When it comes to the lives of proteins in our cells, there is a constant whirl of activity. But scientists may be seeing only a fraction of it. Researchers have trained their spotlight on many proteins in our cells, but other proteins perform their movements in the dark, out of scientists’ view.

These unknowns, both known and unknown, are the dark proteome. Inside this dark proteome are proteins that scientists think should exist but haven’t found, proteins that can be constructed and modified in different ways, and proteins that scientists have found but whose structures and roles are still unknown. Researchers hoping to learn more about our biology, including details about diseases and how to treat them, are developing new tools and ways to explore this dark proteome.

“For me,” says Sean O’Donoghue at the Garvan Institute of Medical Research, “darkness is a metaphor for what we don’t understand.”

The undetected

When researchers first announced the human genome sequence 20 years ago, they also estimated how many different proteins are in our cells. These scientists involved in the Human Genome Project looked for each bit of DNA that signals the start and end of a protein and counted 20,000 genes that code for proteins, about 1% of our DNA.

While some of these proteins have been easily detected, crystallized, and characterized, others have taken longer to detect. Different teams have been trying to fill in the gaps.

In 2014, two teams of researchers, one led by Akhilesh Pandey at the Johns Hopkins University School of Medicine and the other led by Bernhard Küster at the Technical University of Munich, each published draft maps of the human proteome after analyzing different human tissues and fluids by mass spectrometry. The two teams detected 80–90% of the proteins predicted to exist. A third effort, the Human Proteome Project (HPP), which involves researchers from around the world, has also sought evidence of proteins thought to be encoded in the human genome. The HPP says that there is evidence for just over 90% of those proteins.

Cryo-electron microscopy structure of the human preinitiation complex.
Credit: Yuan He/Science
Complexes like this human preinitiation complex have proved tricky for structural biologists to picture.

That means that of the 20,000 discrete sections of our DNA that are thought to code for proteins, researchers have evidence for over 18,000. What remains is the first part of the dark proteome: the undetected.

“A whole bunch of them could be really important, and we’ve got no clue because we can’t even study them,” says Christopher Overall, who studies proteomics at the University of British Columbia.

Scientists haven’t detected those proteins for many reasons, Overall says. For one, cells might not be expressing the protein. Or maybe cells do express it but only at low amounts or at a particular time. Analytical techniques can provide only a snapshot of the proteins at work inside a tissue or body fluid at a given time. If the protein isn’t present when a sample is analyzed, scientists will keep missing it. One way around this problem is to look for the proteins in tissues that scientists don’t normally sample, such as olfactory and sperm cells.

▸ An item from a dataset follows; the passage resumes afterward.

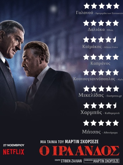Εξαιρετική ήταν και στη χώρα μας η υποδοχή από τους κινηματογραφικούς κριτικούς της νέας ταινίας του Μάρτιν Σκορσέζε «Ο Ιρλανδός» που προβάλλεται από την περασμένη Πέμπτη 21 Νοεμβρίου 2019 και στην Πάτρα στα Odeon Veso Mare χωρίς διάλειμμα παρά την μεγάλη διάρκεια (209 λεπτά). Η αλήθεια είναι πως απ’ ένα σημείο και μετά η ταινία παρακολουθείται σχεδόν απνευστί, ειδικά όλο το τελευταίο κομμάτι που οδηγεί και σε μία μεγάλη «ανατροπή», γεγονός που φανερώνει την μαεστρία του 76χρονου Σκορσέζε, ενός σπουδαίου Αμερικανού με Ιταλικές ρίζες, σκηνοθέτη που αφηγείται μία ιστορία που τα έχει όλα στο κάδρο, γκάνγκστερ, υπόκοσμο, την ιστορία της Αμερικής τις κρίσιμες δεκαετίες του ‘60 και ’70 με γεγονότα όπως ο Κόλπος των Χοίρων, η δολοφονία του Προέδρου Τζον Κένεντι το 1963, το σκάνδαλο Γουότεργκειτ που οδήγησε στην παραίτηση του Προέδρου Νίξον, κ.α.

But maybe the proteins are in samples but lack features that allow them to be detectable by current analytical techniques. For example, analyzing proteins by mass spectrometry requires first breaking them into smaller fragments, or peptides. To do this, scientists usually use a protein-chopping enzyme called trypsin. But if trypsin can’t digest a protein in the sample, the mass spectrometer won’t be able to analyze the molecule. Scientists can use other enzymes to digest protein samples for mass spectrometry, Overall says, but that requires a lot of effort to modify protocols and for not much reward, so researchers often opt to study less-fussy proteins.

According to the HPP, there are currently 1,421 “missing proteins”: those that are predicted to exist but haven’t been measured experimentally. The problem, Overall says, is that finding those missing proteins is becoming more and more difficult. The fussiest proteins need a lot of work to find. And while a new protein might ultimately be found to be critical to a cell or a target for disease treatment, the payoff isn’t guaranteed, so grants for looking for undetected proteins are scarce. That means scientists often run these search projects on the side.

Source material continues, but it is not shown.